Hi Changyujie and welcome to the forum!

Your little chinese show pigeon chicks are so cute, very unusual beaks and ceres! Great looking group of birds!


----------



## TAWhatley (Mar 6, 2001)

So, the breed name is "China Show Pigeon"?? Not finding any references to that .. just curious.

Still very, very beautiful birds.

Terry


----------



## Lovebirds (Sep 6, 2002)

OMG...........how cute!!! I WANT one!!! LOL Do you have any pictures of the adults? Welcome by the way.


----------



## Camrron (Dec 19, 2005)

Now those are sweet looking little fatties aren't they. Very nice.
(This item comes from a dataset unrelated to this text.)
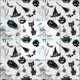 Halloween-objekt ritade på papper och kalkerades sedan i Illustrator för att skapa mönster.

Can they fly when they grow up or are they a flightless pigeon.

Cameron


----------



## pigeonmama (Jan 9, 2005)

In a way, I love the picture, sweet babies, and I know I sound silly, but did any one else feel any concern for these babies to be perched so precariously on a ? wall with nothing to prevent them from falling what appeared to be quite a distance?
Daryl


----------



## changyujie (Mar 12, 2006)

*thanks*

Thanks everyone, I love pigeon, love everyting about pigeons. my Englishi is very poor,sory , by the way, plese help me improve my language ability! my friends ,thanks


----------



## Skyeking (Jan 17, 2003)

pigeonmama said:


> In a way, I love the picture, sweet babies, and I know I sound silly, but did any one else feel any concern for these babies to be perched so precariously on a ? wall with nothing to prevent them from falling what appeared to be quite a distance?
> Daryl



 Yes, I am very concerned.


Hello changyujie,

The babies are just too cute, please put our minds at rest, that the babies are not sitting on that wall anymore, and won't be. I can't get the thought of them falling out of my mind.


----------